Physical Compiler was used to generate the placement for the cells. The data cache and instruction cache locations were frozen during the placement process and the floorplanning was data-flow driven. Clock lines were shielded to reduce delay uncertainty by using Wroute in Silicon Ensemble<sup>TM</sup> by Cadence. To minimize the power-drops inside the core, a dense metal5/Metal6 power grid mesh was designed.

The balanced clock tree was generated with CTGen<sup>TM</sup>. The maximum simulated skew across the core was 120 ps under the worst-case process and environmental conditions. Typically this would be significantly less. The final routed design was formally compared to the provided netlist using Formality<sup>TM</sup>. The Arcadia<sup>TM</sup> extracted netlist delay was calculated using Primetime<sup>TM</sup>.

# 5. RESULTS

The iCORE processor was fabricated in STMicroelectronics' 0.18m HCMOS8D process. A GDSII plot of the test-chip is shown in Figure 5. Excluding the memories, the entire chip is seen to have the distinctive random layout of synthesized logic. The large memories on the right and on the top and bottom of the plot are the data and instruction RAMs. The other small memories seen in the plot are the Local Workspace Cache, the Branch History Table and Branch Target Buffer.



Figure 4. Static Analysis: Worst-case Pipeline Paths

Timing simulation indicated that a good balance of delays between the pipeline stages was achieved, as shown in Figure 4.

Silicon testing showed functional performance of the design from 475 MHz at 1.7 V to 612 MHz at 2.2 V and 25 degrees Celsius, ambient.

Analysis of the Dhrystone 2.1 benchmark showed that iCORE achieved an IPC (Instructions Per Cycle) count of about 0.7, which met the goal of being the same or greater than that of previous ST20-C2 implementations, indicating that the various pipeline optimizations were functioning correctly.



Figure 5. iCORE Test-chip GDSII Plot

# 6. CONCLUSIONS

The performance gap between custom and synthesized embedded cores can be closed by using deep, well-balanced pipelines, coupled with careful partitioning, and mechanisms that compensate for increased pipeline latencies. This enables the use of simple and well-structured logic functions in each pipeline stage that are amenable to highly optimal synthesis[3]. The performance gains are consolidated by use of placement-driven synthesis, and careful clock-tree design.

This paper explored the use of advanced logic design to implement a high performance CPU core using an ASIC methodology. By avoiding custom circuit design, we have been able to reduce the design time and high costs traditionally associated with it, while still achieving excellent performance.

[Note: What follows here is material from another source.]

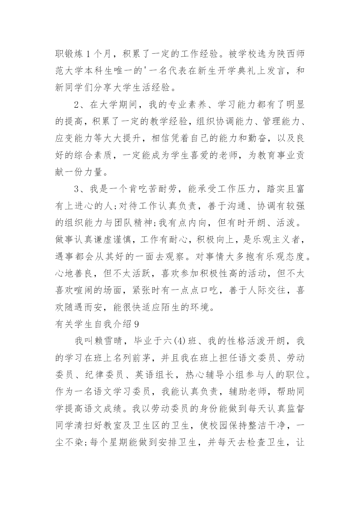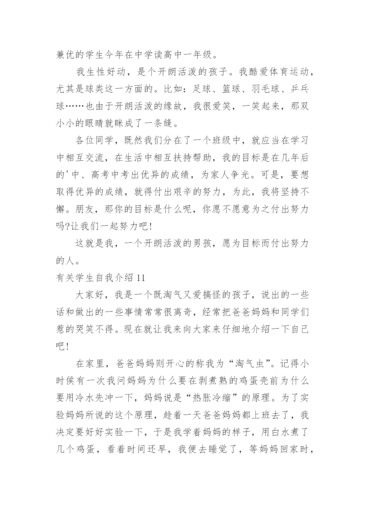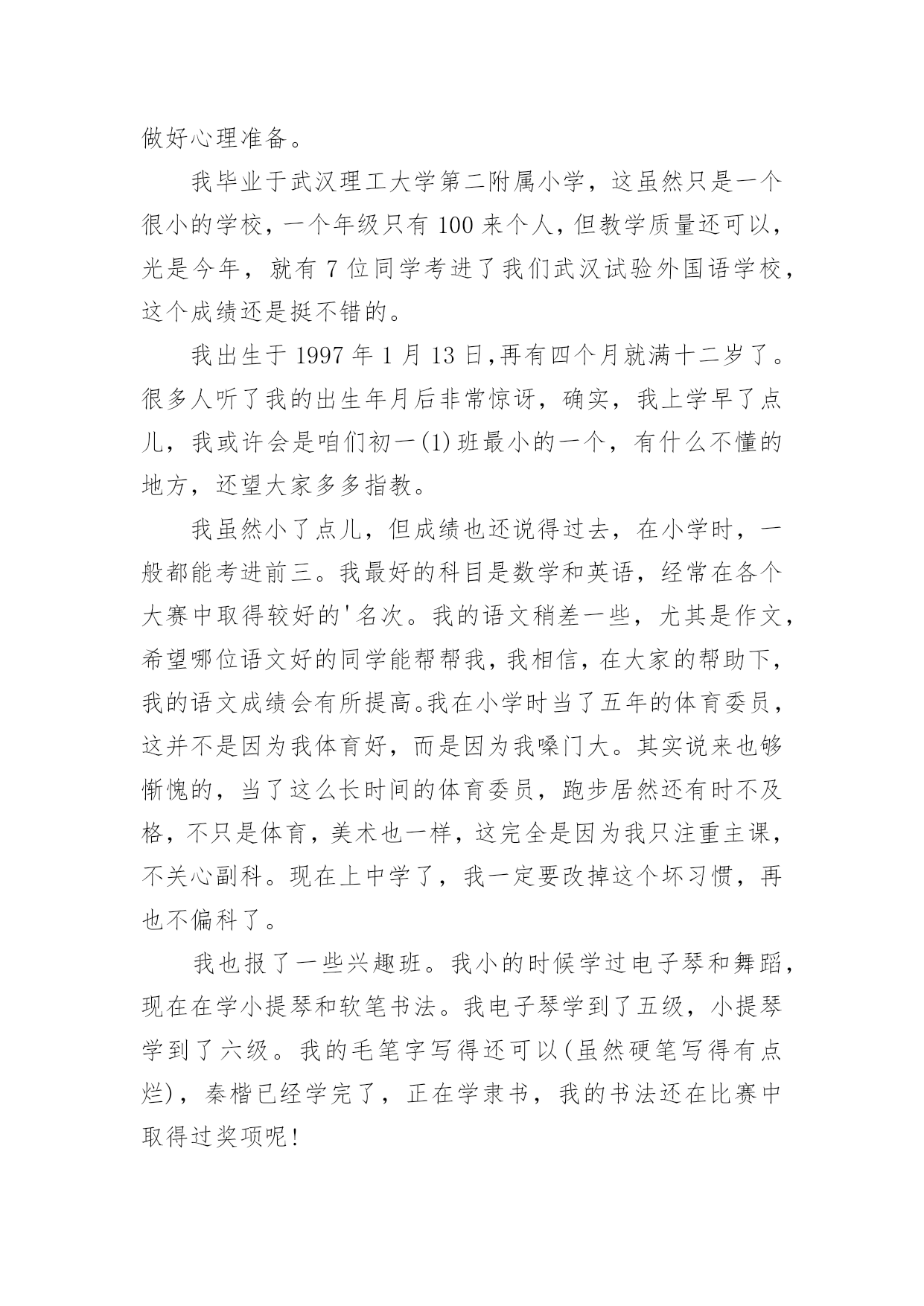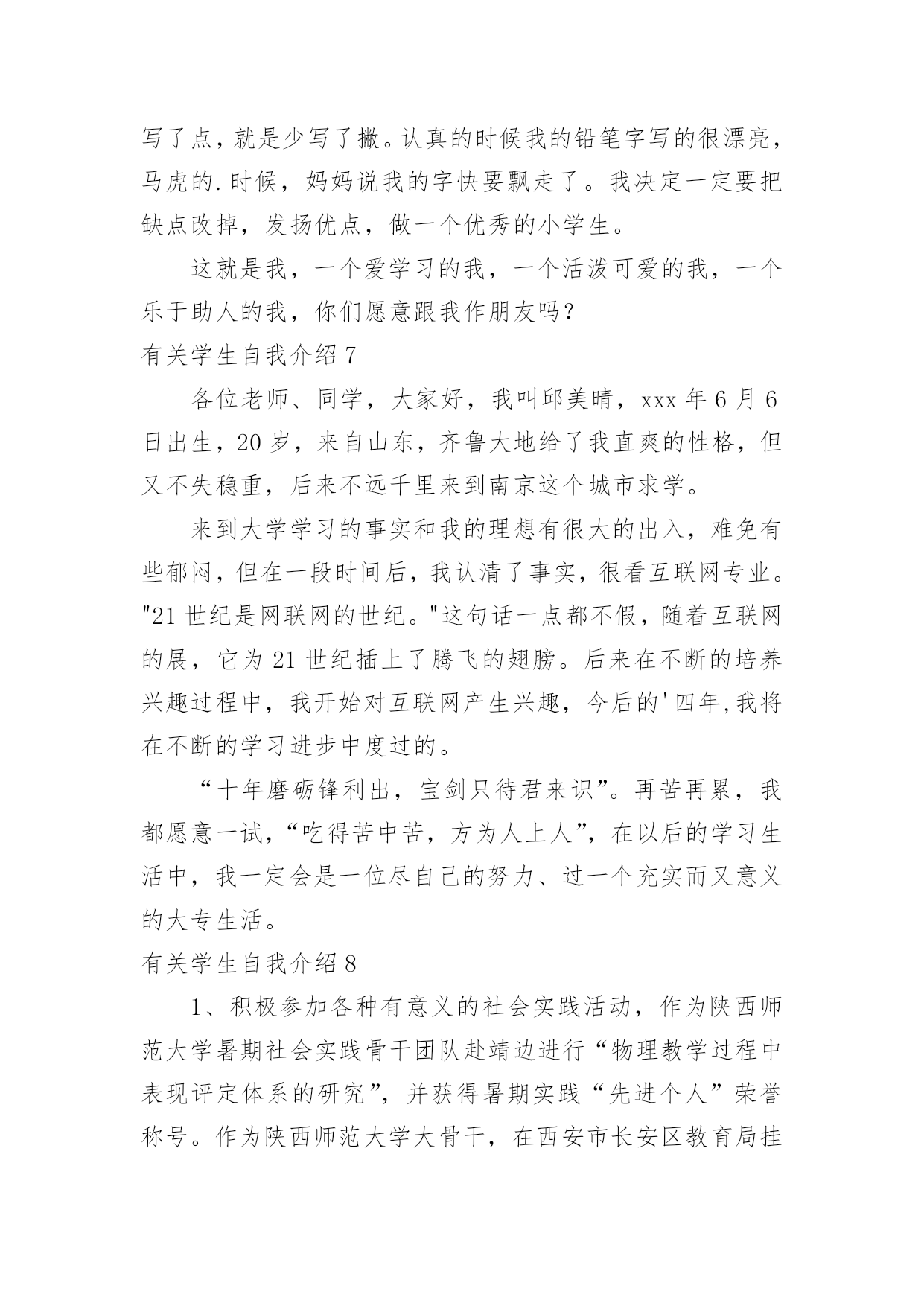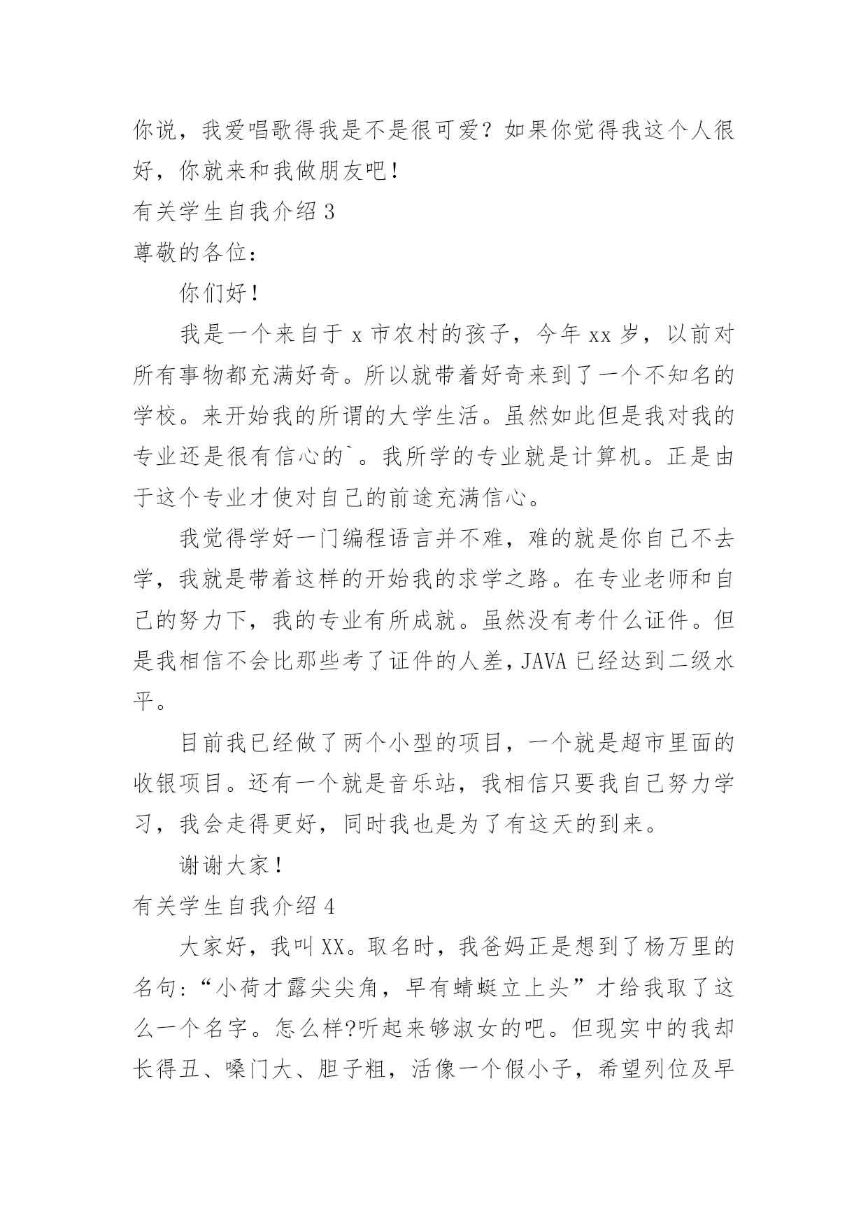 学生自我介绍有关学生自我介绍来到一个陌生的地方时,可能需要我们进行自我介绍,自我介绍可以唤起他人对我们的兴趣。到底应如何写自我介绍呢?以下是小编帮大家整理的有关学生自我介绍,欢迎阅读,希望大家能够喜欢。有关学生自我介绍1我的名字叫卓兰,妈妈说这是“神灯”的意思,也就意味着从我出生的那一刻起,这盏“灯”就将伴随着我的生命,开始照亮我的人生旅程。我很爱打扮,喜欢收集衣服,包包,鞋子,也许是因为女孩子的天性。每当照镜子时,笑看镜中的我:一张小小的脸,一双灵气的.眼,一抹纯真的笑,乌黑长发之中,高挑的个头下,显出一种特殊的气质。不因五官娇小而感到自卑,却因它们小巧玲珑而更加自信;不因肤色不够白皙而感到懊丧,那位青春代表健康。我的笑中时显活泼,时显文静,时显叛逆。同学们说我赋有双重性格,笑容恰到好处,很好相处。在家里,我是一个典型的“乖乖女”,基本上很少让父母操心。我不是班上学习最好的女孩,却是最多才多艺的女孩。从三岁起,妈妈就开启了我心中音乐之门的钥匙,让我开始学习钢琴,跳舞,唱歌。也许是源于对音乐的渐渐喜爱,它们也成了我生活中不可缺少的一部分,经常使我如痴如醉。此外,我也很喜欢画画,每当独自一人的时候,我总想拿起画板,仰望蓝天,为那白色世界描绘出更多迷人的图画。英语是我很好的朋友,因为语言往往是与他人沟通,了解他人的第一步,所以学好一门语言就显得格外重要。同时,我也准备开始学习一些小语种。人生就如同一幅彩画,需要你用各种不同颜色的蜡笔来填充,而学习文化知识只是彩画中的一色,你需要丰富更多的本领,才能使画妙趣横生。我很乐观,也很自信。有一句话,我一直反复练习,直到它深入我的骨髓,让我永远保持良好的心境,那就是:笑便全世界。微笑的注解是轻松,生活已经够累了,何必让莫名其妙的深沉而打破你快乐的心情呢?所以,只有微笑才能换来财富,建立起自信的城堡,只有在乐观和自信中,我才能享受到劳动的果实,才能体会到成功的滋味。我时常告诉自己:相信自己,我一定能行。这也许是天赋,我从不浪费它。有关学生自我介绍2大家好,我叫关婷月,我有一副不高的身材,我的眼睛不大不小,我有一张小小的嘴巴,一双灵巧的小手,这就是我的.外貌。我的爱好是唱歌,每天看电视的时候,我都会看歌星唱歌。我很喜欢模仿歌星唱歌,我学着学着,我会唱很多歌了,每天我都会给妈妈唱歌,妈妈夸我唱的好,我的心理很高兴。你说,我爱唱歌得我是不是很可爱?如果你觉得我这个人很好,你就来和我做朋友吧!有关学生自我介绍3尊敬的各位:你们好!我是一个来自于x市农村的孩子,今年xx岁,以前对所有事物都充满好奇。所以就带着好奇来到了一个不知名的学校。来开始我的所谓的大学生活。虽然如此但是我对我的专业还是很有信心的`。我所学的专业就是计算机。正是由于这个专业才使对自己的前途充满信心。我觉得学好一门编程语言并不难,难的就是你自己不去学,我就是带着这样的开始我的求学之路。在专业老师和自己的努力下,我的专业有所成就。虽然没有考什么证件。但是我相信不会比那些考了证件的人差,JAVA已经达到二级水平。目前我已经做了两个小型的项目,一个就是超市里面的收银项目。还有一个就是音乐站,我相信只要我自己努力学习,我会走得更好,同时我也是为了有这天的到来。谢谢大家!有关学生自我介绍4大家好,我叫XX。取名时,我爸妈正是想到了杨万里的名句:“小荷才露尖尖角,早有蜻蜓立上头”才给我取了这么一个名字。怎么样?听起来够淑女的吧。但现实中的我却长得丑、嗓门大、胆子粗,活像一个假小子,希望列位及早做好心理准备。我毕业于武汉理工大学第二附属小学,这虽然只是一个很小的学校,一个年级只有100来个人,但教学质量还可以,光是今年,就有7位同学考进了我们武汉试验外国语学校,这个成绩还是挺不错的。我出生于1997年1月13日,再有四个月就满十二岁了。很多人听了我的出生年月后非常惊讶,确实,我上学早了点儿,我或许会是咱们初一(1)班最小的一个,有什么不懂的地方,还望大家多多指教。我虽然小了点儿,但成绩也还说得过去,在小学时,一般都能考进前三。我最好的科目是数学和英语,经常在各个大赛中取得较好的'名次。我的语文稍差一些,尤其是作文,希望哪位语文好的同学能帮帮我,我相信,在大家的帮助下,我的语文成绩会有所提高。我在小学时当了五年的体育委员,这并不是因为我体育好,而是因为我嗓门大。其实说来也够惭愧的,当了这么长时间的体育委员,跑步居然还有时不及格,不只是体育,美术也一样,这完全是因为我只注重主课,不关心副科。现在上中学了,我一定要改掉这个坏习惯,再也不偏科了。我也报了一些兴趣班。我小的时候学过电子琴和舞蹈,现在在学小提琴和软笔书法。我电子琴学到了五级,小提琴学到了六级。我的毛笔字写得还可以(虽然硬笔写得有点烂),秦楷已经学完了,正在学隶书,我的书法还在比赛中取得过奖项

The final chip has been demonstrated to be functional in silicon at up to 520 MHz under typical conditions.

# 7. REFERENCES

- [1] C. D. Snyder, "Synthesizable core makeover: Is Lexra's seven-stage pipeline core the speed king?," *Cahner's Microprocessor Report*, July 2, 2001.
- [2] "ST20-C2 Instruction Set Reference Manual", STMicroelectronics, 72-TRN-273-02, November 1997
- [3] D. G. Chinnery and K. Keutzer, "Closing the gap between ASIC and custom: An ASIC perspective," *Proceedings of the 38th Design Automation Conference*, Las Vegas, NV, pp. 420-425, June 2001.